In my previous posting I laid out the first five of what I referred to as the Prerequisite Beliefs that I believe must be in place before undertaking any organizational improvement initiative which should result in enhanced profitability. In this posting I will lay out the remaining beliefs (i.e. 6-10).
The sixth and seventh
beliefs that must be accepted involve
waste
and
variation. You must accept the premise that every
process contains both excessive amounts of waste and variation that are waiting
to be identified, removed, and reduced.
No matter how perfect you might believe your process is, believe me it
has variation and it is full of wasteful activities.
Your job will be to locate, reduce and
hopefully eliminate the major sources of both.
Variation corrupts a process, rendering it inconsistent and
unpredictable.
Without consistency and
control you will not be able to plan and deliver products to your customers in
the time frame you have promised.
Waste
drives up both operating expense and inventory, so improvements in both of
these go directly to the bottom line as you improve the throughput of your process
and more specifically your constraining operation.
Yes, you will observe waste in your
non-constraint operations, but for now focus your resources only on the
constraint!
The eighth belief
that your organization must embrace is that problems must be addressed instead
of being swept under the carpet.
You can
no longer accept temporary fixes to your problems and believe me problems will
be uncovered as you progress through the UIC.
If you’re like many companies, there are problems that have been hidden
with excessive amounts of inventory used to guard against their negative
effects.
This way of thinking can no
longer be accepted.
Your organization must
be committed to determining the root cause of problems and implementing effective
and sustainable solutions or the UIC won’t work for you.
The ninth belief
that your organization must accept if you are to be successful involves the
type and location of the constraint.
Constraints can be either internal or external to your organization and
they can be either physical or policy related.
If they are external, then this typically means that you have more
capacity than you do orders.
If this is
the case, then you must use your improved process to leverage this
constraint.
That is, your improved process
will result in less lead time which your sales team can use to leverage more
sales.
If you have excess capacity, then
your sales team can even quote a lower sales cost to leverage additional sales.
Think about it, as long as your expenses or
truly variable costs are less than the sales price, you are adding more money
directly to your bottom line.
Yes the
margins will be lower than normal, but it all flows to your company’s bottom
line.
If your constraint is found to be
a policy constraint, then you know it involves a conflict that must be
resolved.
You now have the tools to
resolve conflict, so you must be ready to use them.
All of what’s involved in the Ultimate
Improvement Cycle requires out-of-the-box thinking for your organization.
The tenth and
final belief is the understanding that the organization is a chain of dependent
functions that requires
systems thinking
rather than individual thinking
. There are interdependencies
that exist within the organization
with all functions playing a role in the final outcome.
Unless and until individual functions cease
from protecting their own turf and begin collaborating as a team, real and
sustainable progress will not be achieved.
Let’s review
the ten prerequisite beliefs that your organization must be prepared to accept
if you are to successfully implement and navigate through the Ultimate
Improvement Cycle:
- Believing that leveraging the constraint and focusing your
resources on the constraint is the key to improved profitability
- Believing that it is imperative to subordinate all
non-constraints to the constraint
- Believing that improving your process is a never-ending
cycle
- Believing that involving your total workforce is
critical to success
- Believing that abandoning outdated performance metrics
like efficiency and utilization, reward or incentive programs, and variances is
essential to moving forward
- Believing that excessive waste is in your process and that
it must be removed
- Believing that excessive variation is in your process
and that it must be reduced
- Believing that problems and conflicts must be addressed
and solved
- Believing that constraints can be internal, external,
physical or policy or any combination of the four
- Believing
that the organization is a chain of dependent functions and that systems
thinking must replace individual thinking.
If your organization has truly accepted these ten prerequisite
beliefs and all that goes with them, then you are ready to begin this exiting journey
that has no destination.
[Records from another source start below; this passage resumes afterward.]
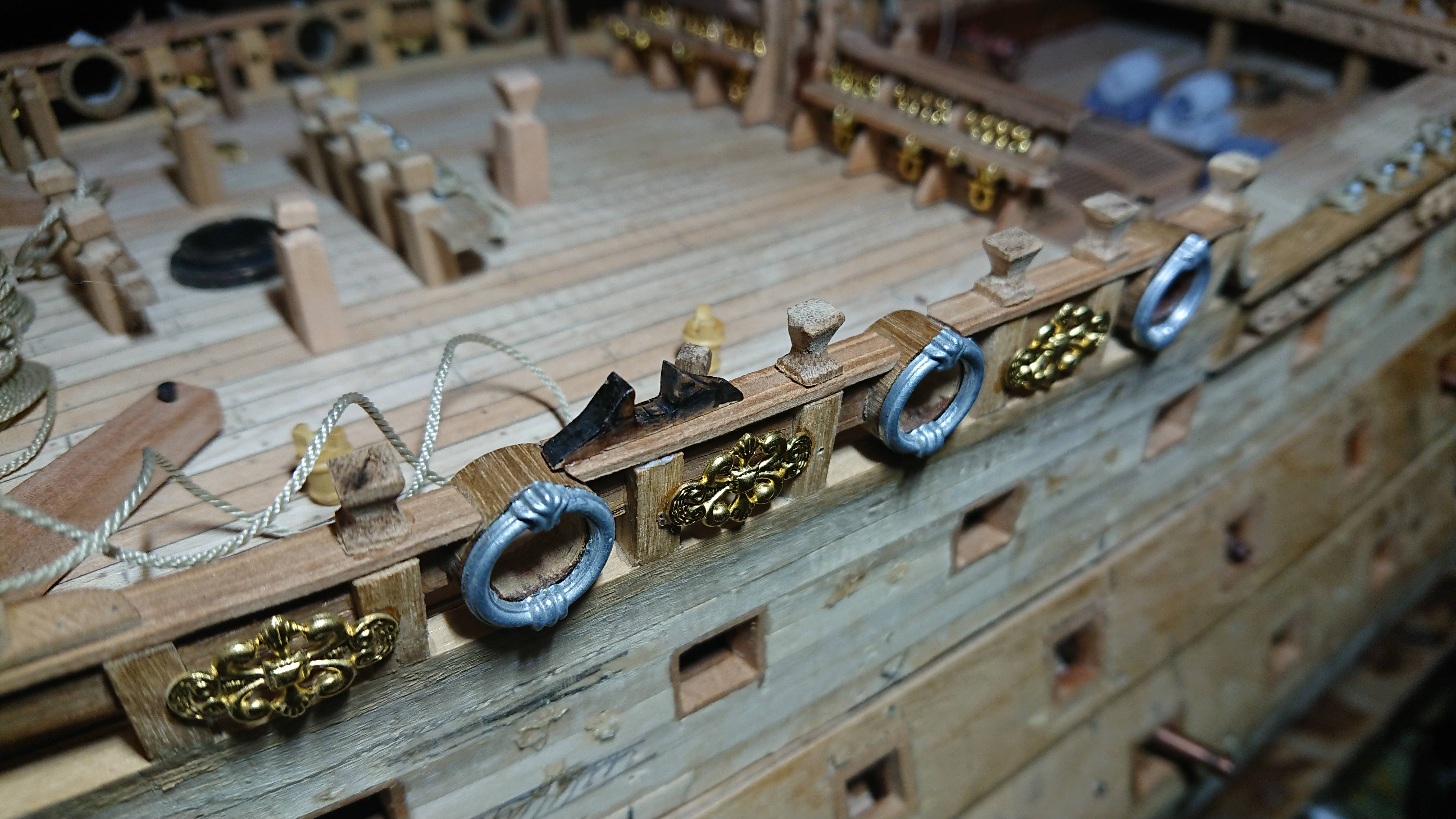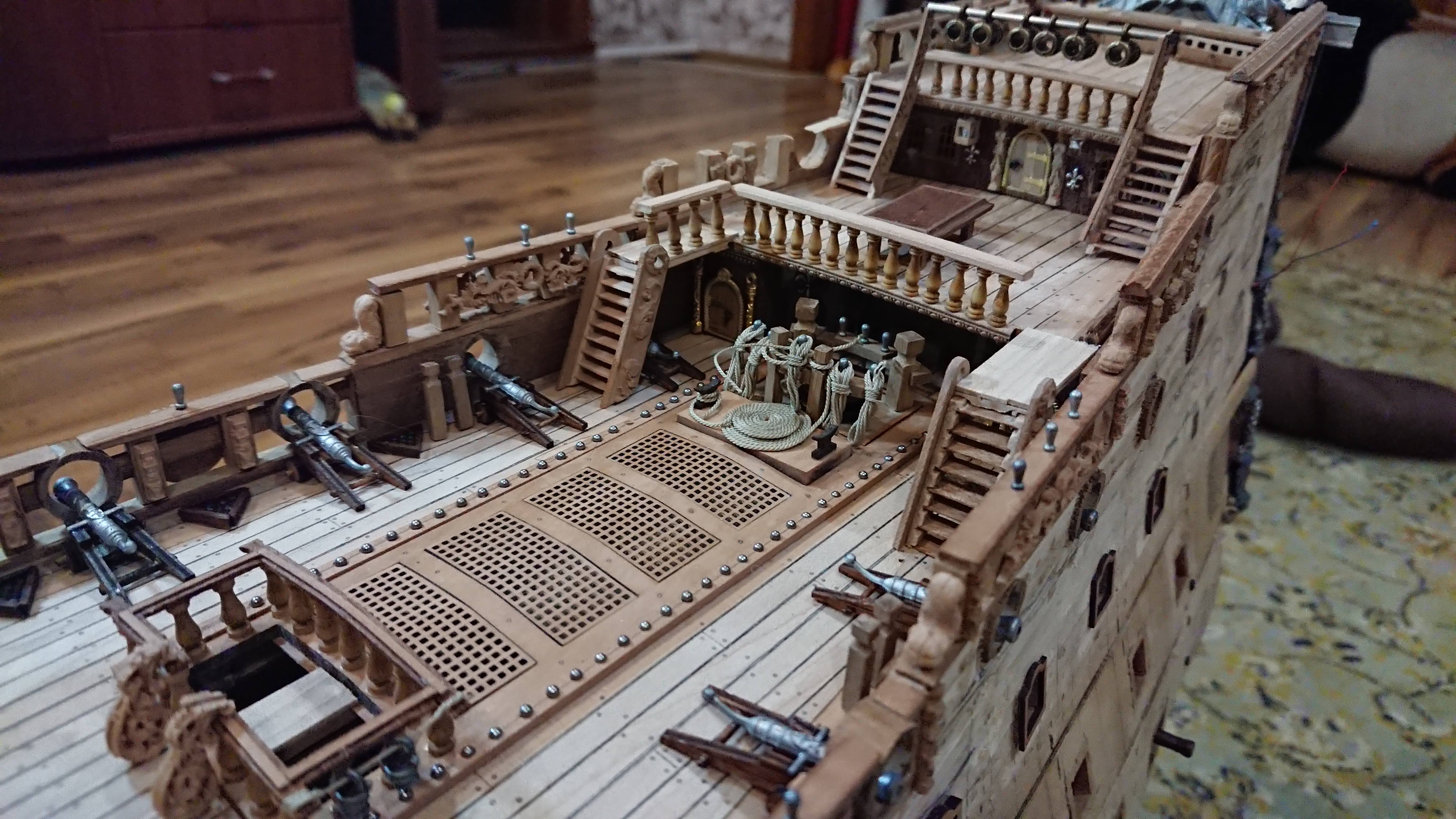 Здравствуйте участник проекта Daantist Royal посмотрел Вашу постройку своего корабля, впечатляет Ваша постройка , только желательно перед установкой на корпус всей фурнитуры и атрибутики, покрывать всю фурнитуру м облицовку корабля грунтовкой потом красить краской акриловой в золотом цвете и пушки тоже грунтовать и красить и всю фурнитуру на которую в будущем связывают канатами тоже красят краской акриловой , для лестниц желательно сделать крепления поручни соединяющие с лецницами, фигурки моряков то де желательно покрасить краской акриловой, задняя корма тоже мне впечатляет здорово получается у Вас и с подсветкой корабля, только не смотрится прикленная фурнитура
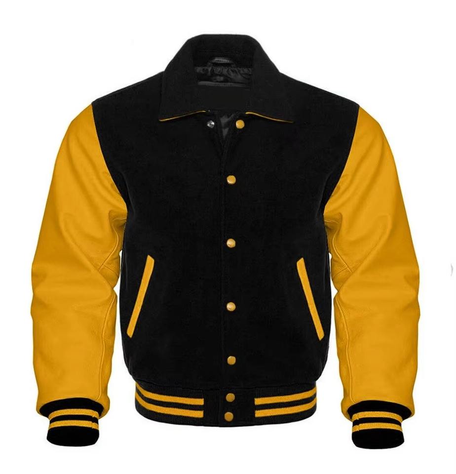 แจ็คเก็ตวาร์ซิตี้ทรงบ็อกซี่ ผ้าขนแกะผสม แต่งสีตัดกัน กระเป๋าแบบคาร์โก้ ทรงหลวม สไตล์เดนิม แต่งรอยขาด สำหรับผู้ชาย
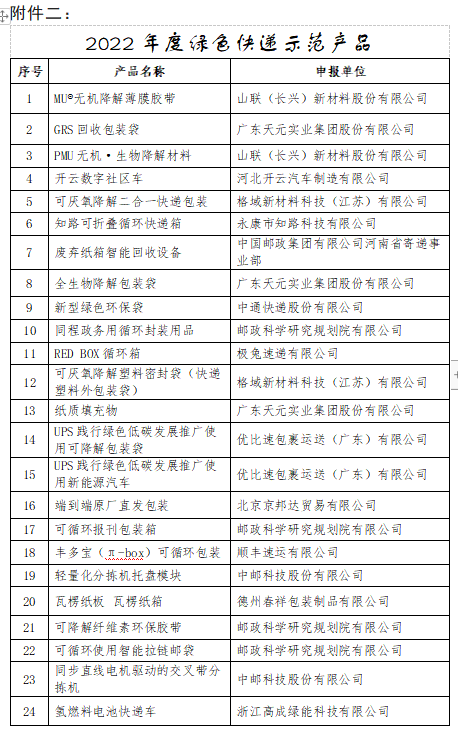 根据《中国快递协会关于开展绿色快递示范案例征集活动的通知》(中快协〔2022〕11号)安排,经过公开征集、网络公示和投票、专家审定等环节,中国邮政集团有限公司湖南省永州市寄递事业部申报的冷水滩区分公司零陵中路绿色网点等26个站点入选为2022年度绿色快递示范站点;山联(长兴)新材料股份有限公司申报的MU?无机降解薄膜胶带等26个产品入选为2022年度绿色快递示范产品;联邦快递(中国)有限公司申报的北京顺义操作设施屋顶光伏发电项目等22个项目入选为2022年度绿色快递示范项目。(具体征集结果见附件)
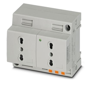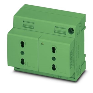Prise double, type L, à vis, pour Italie, avec protection étendue contre les contacts accidentels, témoin lumineux, vert, montage sur profilé, interface de service ou montage direct, 250 V AC, 16 A, -20 °C, 60 °C, CEI 23-50
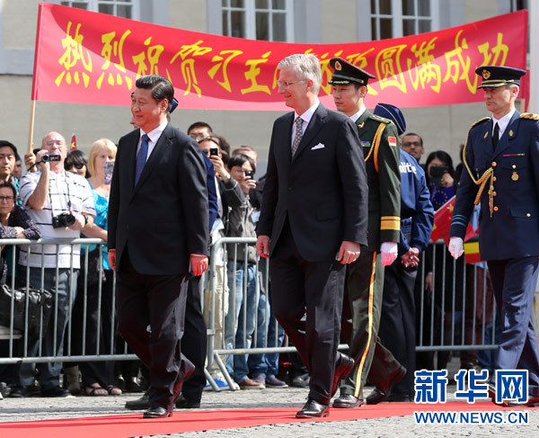 ??? 4月1日,國家主席習(xí)近平離開比利時布魯日市啟程回國。離開前,比利時國王菲利普在布魯日廣場為習(xí)近平舉行隆重歡送儀式。新華社記者龐興雷攝
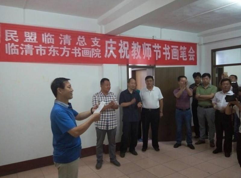 9月10日上午,民盟臨清市總支部在臨清市東方書(shū)畫(huà)院組織舉辦了慶祝教師節(jié)書(shū)畫(huà)筆會(huì)。民盟臨清總支副主委姚慶龍、閆鑄明及部分盟員和書(shū)畫(huà)家張長(zhǎng)峰、劉儒正等近30名知名書(shū)畫(huà)家參加活動(dòng)。活動(dòng)由支部副主委姚慶龍主持。
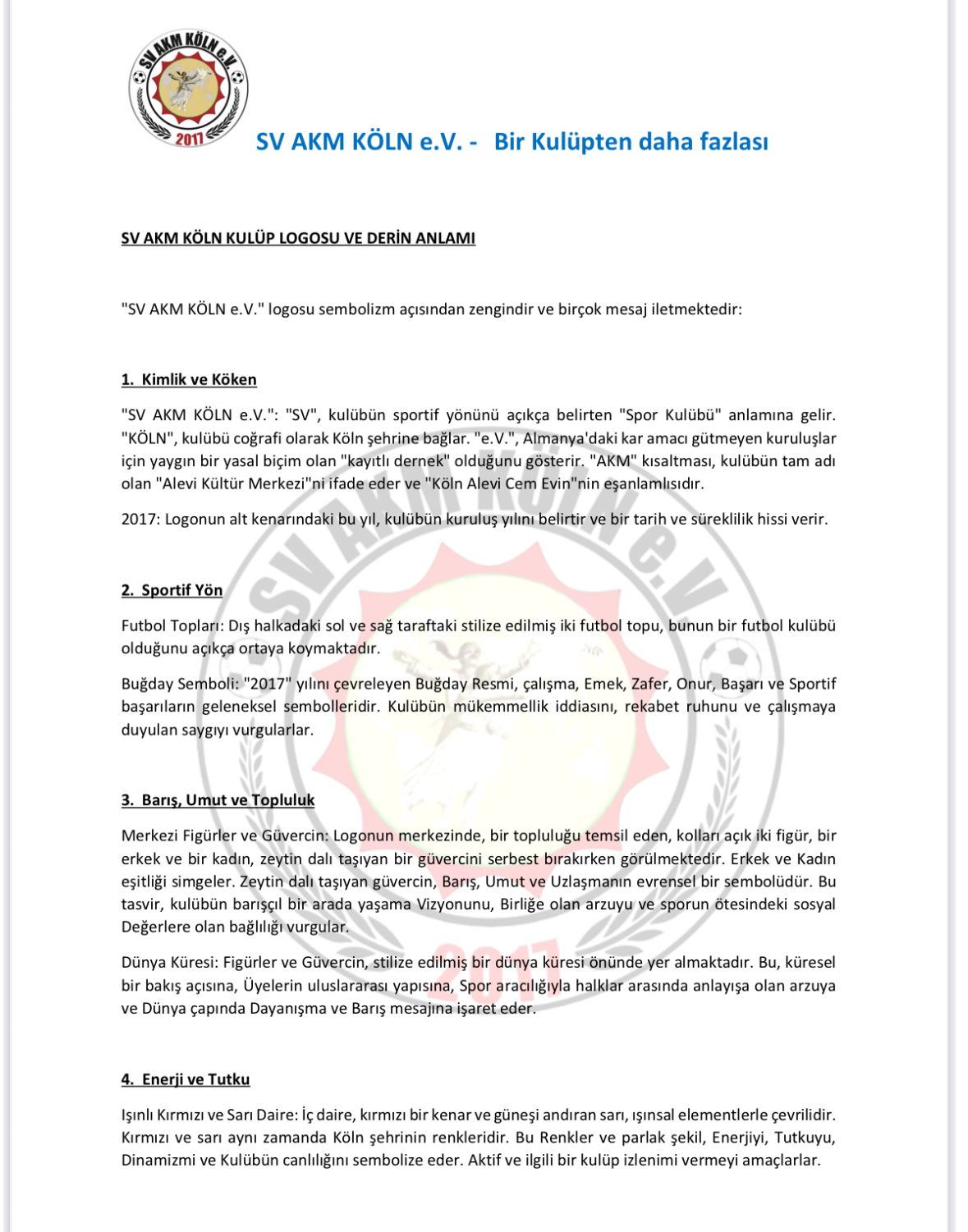 SV AKM Köln, Kulüp Logosunun Derin Anlamını Kamuoyuyla Paylaştı
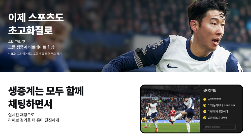- 4K 프리미엄 화질과 실시간 무광고 중계
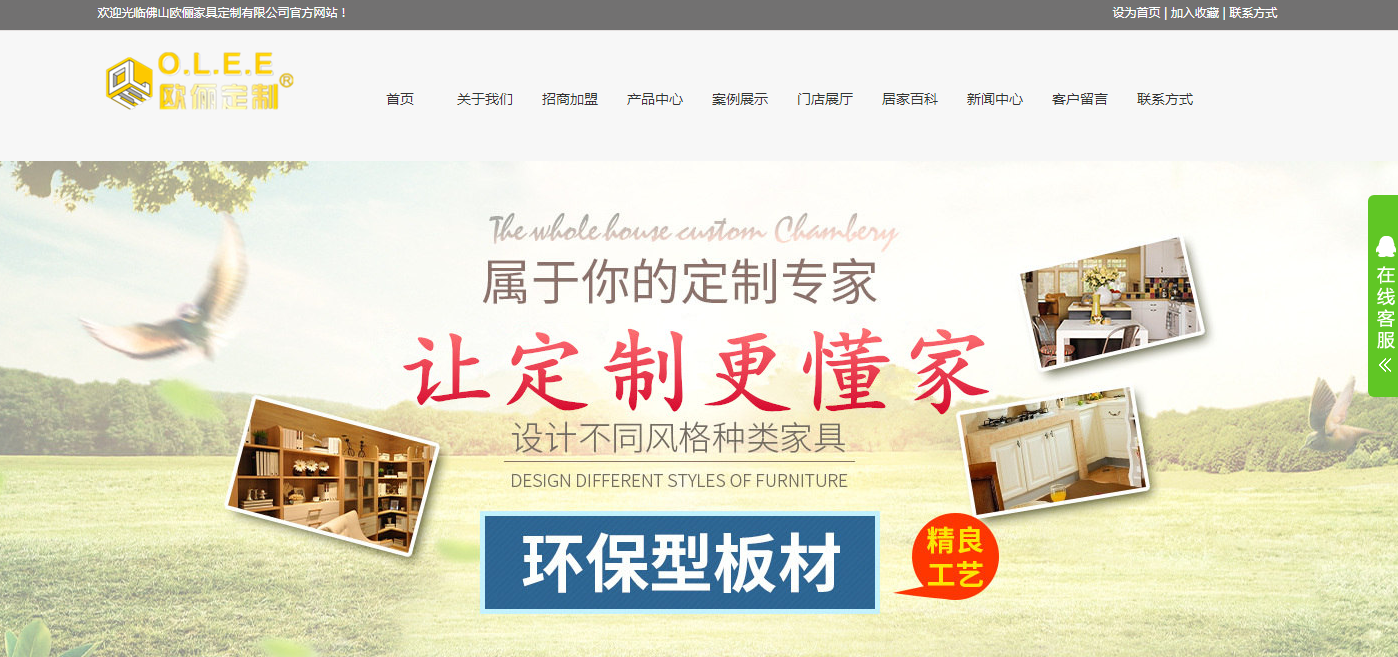 佛山市南海歐儷定制家居有限公司是一家定位于中高端客戶,全數(shù)碼機(jī)械化生產(chǎn)的現(xiàn)代化企業(yè),注冊品牌商標(biāo)為歐儷定制。公司坐落于佛山南海里水得勝工業(yè)區(qū),直營店位于南海黃岐嘉州大轉(zhuǎn)灣裝飾材料市場。公司業(yè)務(wù)主要涵蓋各類定制衣柜,廚柜,酒柜等全屋定制家具,風(fēng)格多樣,設(shè)計創(chuàng)新大膽,深受個性化市場歡迎。公司一直本著“讓定制更懂家”的理念深耕國內(nèi)定制市場,熱忱歡迎有志之士加入歐儷定制,為定制市場創(chuàng)造美好明天!

But simply
saying you believe something can be hollow and empty. It is your day-to-day actions that matter
most. Review these ten prerequisite
beliefs as a group on a regular basis and hold people and yourself accountable
to them. Post them for everyone to
see. Utilizing the Ultimate Improvement
Cycle and true acceptance of and employment of these ten beliefs will set the stage
for levels of success you never believed were possible!